We don't have any issues using Xcode. I think you are confused about needing 
the large code model. The small model means the program can't be larger than 
2GB. The small model does not restrict the address code can run at, all ll Mac 
OS X applications run at addresses > 4 GB for example. The SEC (like all EFI 
drivers/applications) is linked at 0x0 (or 0x240 for ELF and Mach-O to make 
space for the PE/COFF header). The build tools relocate the PE/COFF image to 
the addresses in the FV so they can execute in place. 

The small and large models are about PIC (Position Independent Code) and have 
to do with how big the offset is to the PC (%rip). The small model is a 32-bit 
offset so you can only go 2GB in any give direction, and that is what limits 
the size, but it makes each PC relative instruction smaller (saves 4 bytes). 

For example if you read a global like this the compiler will generate this 
code. 
int constant = 0;

int get_constant(void)
{
        return constant;
}

(lldb) dis -n get_constant -b 
a.out`get_constant:
a.out[0x100000f8c] <+0>:  55                           pushq  %rbp
a.out[0x100000f8d] <+1>:  48 89 e5                 movq   %rsp, %rbp
a.out[0x100000f90] <+4>:  8b 05 6a 00 00 00  movl   0x6a(%rip), %eax
a.out[0x100000f96] <+10>: 5d                          popq   %rbp
a.out[0x100000f97] <+11>: c3                          retq   

At link time the linker will figure out the offset (plus or minus) from the PC 
required to access the global. In the example above the data section follows 
the text section so the offset to the global is PC + 0x6a. The small model 
implies that the %rip relative move is a 32-bit operation and you can see the 
mov instruction is 6 bytes (2 op codes and a 32-bit offset).

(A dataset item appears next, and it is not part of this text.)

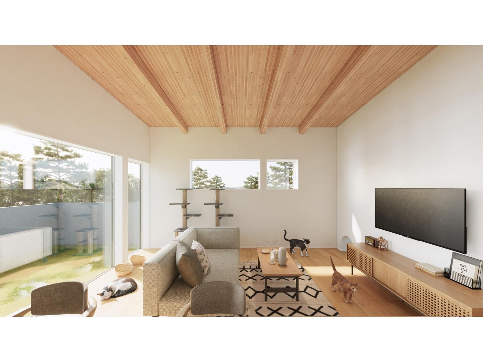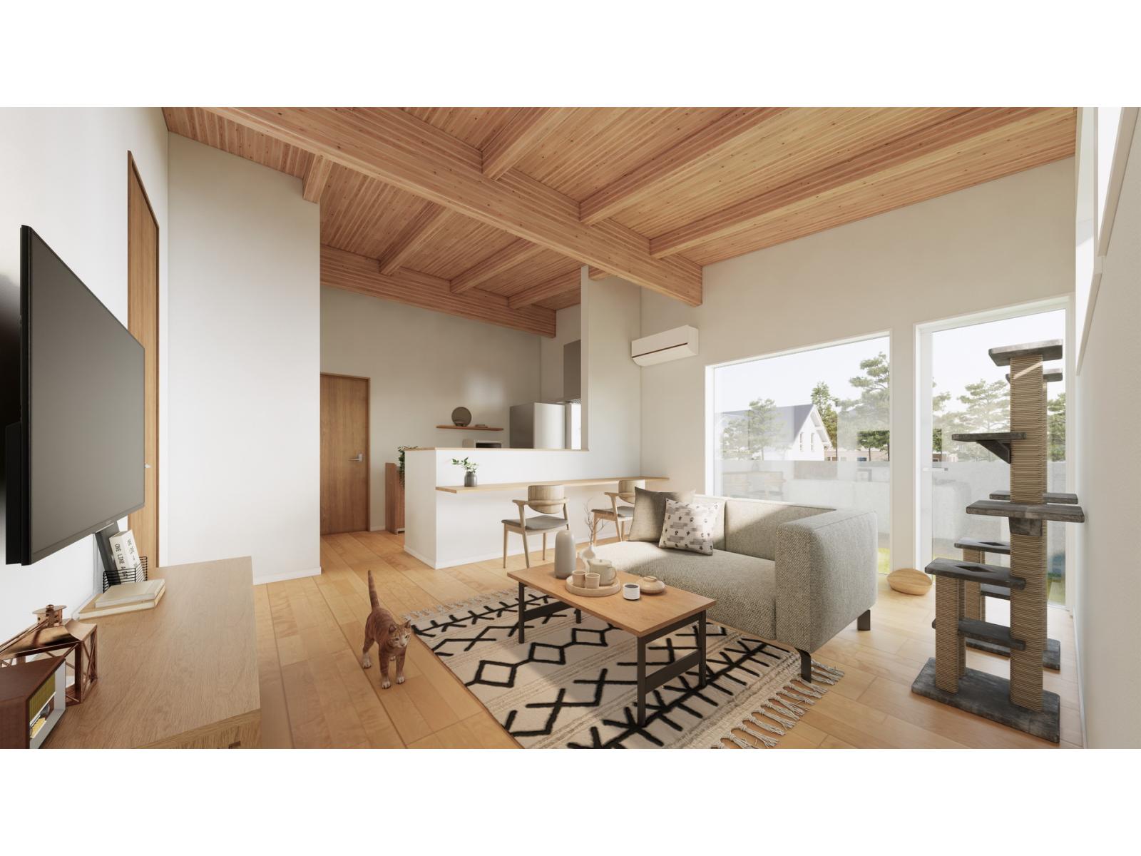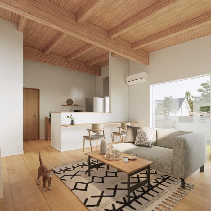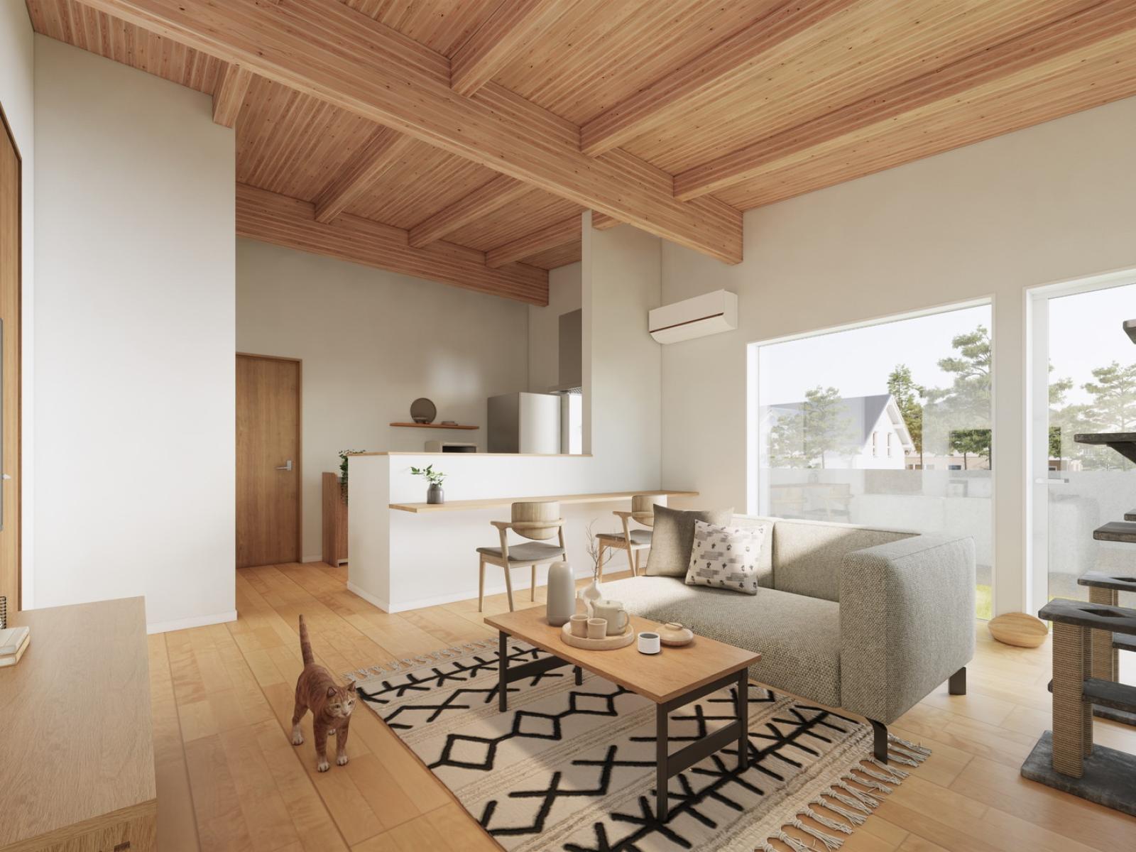 木の構造体が見える【現し天井】になっており、

This code does not 
have any issue running near the X86 reset vector just under 4 GB. 

Your reported issue was a register-indirect absolute JMP instruction which is 
going to be the same in both models. I think the way this works is %rcx will be 
PIC (calculated relative to %rip) and the constant is an offset to the jmp 
table and the table index. 

 jmpq     *.LJTI3_0(,%rcx,8)
 jmpq     0xfffcdd54(,%rcx,8)

It seems like this code is saying go backwards 200K which seems broken in 
general (How big is your SEC?). So this is likely a code gen bug. 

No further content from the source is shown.